The siege of Fort Zeelandia () of 1661–1662 ended the Dutch East India Company's rule over Taiwan and began the Kingdom of Tungning's rule over the island.

Prelude

From 1623 to 1624, the Dutch had been at war with Ming China over the Pescadores. In 1633 they clashed with a fleet led by Zheng Zhilong in the Battle of Liaoluo Bay, ending in Dutch defeat. By 1632 the Dutch had established a post on a peninsula named Tayoan (now Anping District of Tainan), which was separated from the main part of Formosa by a shallow lagoon historically referred to as the . The Dutch fortifications consisted of two forts along the bay: the first and foremost fortification was the multiple-walled Fort Zeelandia, situated at the entrance to the bay, while the second was the smaller Fort Provintia, a walled administrative office. Frederick Coyett, the governor of Taiwan for the Dutch East India Company, was stationed in Fort Zeelandia with 1,733 people: 905 soldiers and officers, 547 enslaved people, 218 women and children, and 63 married men, while his subordinate, Valentyn, was in charge of Fort Provintia and its garrison of 140 soldiers.

In 1659, after an unsuccessful attempt to capture Nanjing, Koxinga, son of Zheng Zhilong and leader of the Ming loyalist remnants, felt that the Qing Empire had consolidated their position in China sufficiently, while his troops needed more supplies and soldiers. He began searching for a suitable location as his base of operations, and soon a Chinese man named  (), who was working for the Dutch East India Company in Formosa (Taiwan), fled to Koxinga's base in Xiamen and provided him with a map of Taiwan.

Koxinga's invasion

Landing
On 23 March 1661, Koxinga's fleet set sail from Kinmen (Quemoy) with hundreds of junks of various sizes, with roughly 25,000 soldiers and sailors aboard.

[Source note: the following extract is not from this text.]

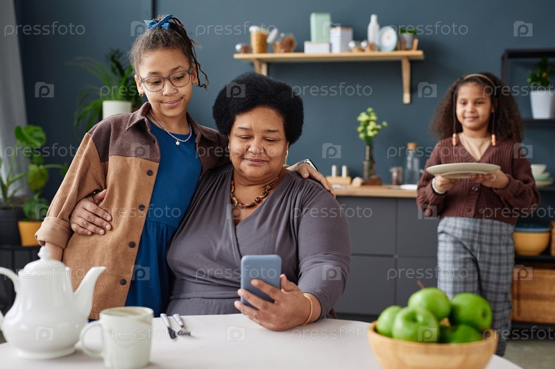 Черная бабушка обнимает девушку, которая смотрит на телефон в кухне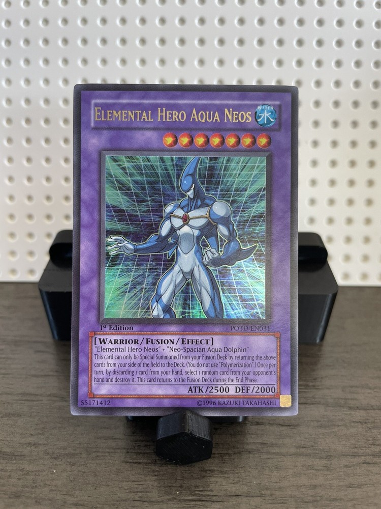 This Yu-Gi-Oh! TCG card is a must-have for any fan or collector. The Elemental Hero Aqua Neos card is an Ultimate Rare graded card from the Power of the Duelist set, with a water attribute, warrior monster type, and fusion card type. The card is in lightly played condition and is a 1st edition with features that make it unique. Please review the pictures before purchasing for condition of the card. Please let me know if you have any questions or need additional pictures.

They arrived at Penghu the next day. On 30 March, a small garrison was left at Penghu while the main body of the fleet left and arrived at Tayoan on 2 April 2. On Baxemboy Island in the Bay of Taiwan, unrelated to the siege, 2,000 Chinese attacked 240 Dutch musketeers, routing them. After passing through a shallow waterway unknown to the Dutch, they landed at the bay of . Three Dutch ships attacked the Chinese junks and destroyed several until their main warship, the Hector, exploded due to a cannon firing near its gunpowder supply. The remaining two ships consisted of a yacht and a lesser warship, which could not keep Koxinga from controlling the waters around Taiwan. No further opposition was for the time encountered. The remainder of Koxinga's men safely landed and built earthworks overlooking the plain.

Siege

On April 4, Valentyn surrendered to Koxinga's army after it laid siege to Fort Provintia. The rapid assault had caught Valentyn unprepared since he was under the impression that the fort was under the protection of Fort Zeelandia. On April 7, Koxinga's army surrounded Fort Zeelandia, sending the captured Dutch priest Antonius Hambroek as an emissary, demanding the garrison's surrender. However, Hambroek urged the garrison to resist instead of surrender and was executed after returning to Koxinga's camp. Koxinga ordered his artillery to advance and used 28 cannons to bombard the fort.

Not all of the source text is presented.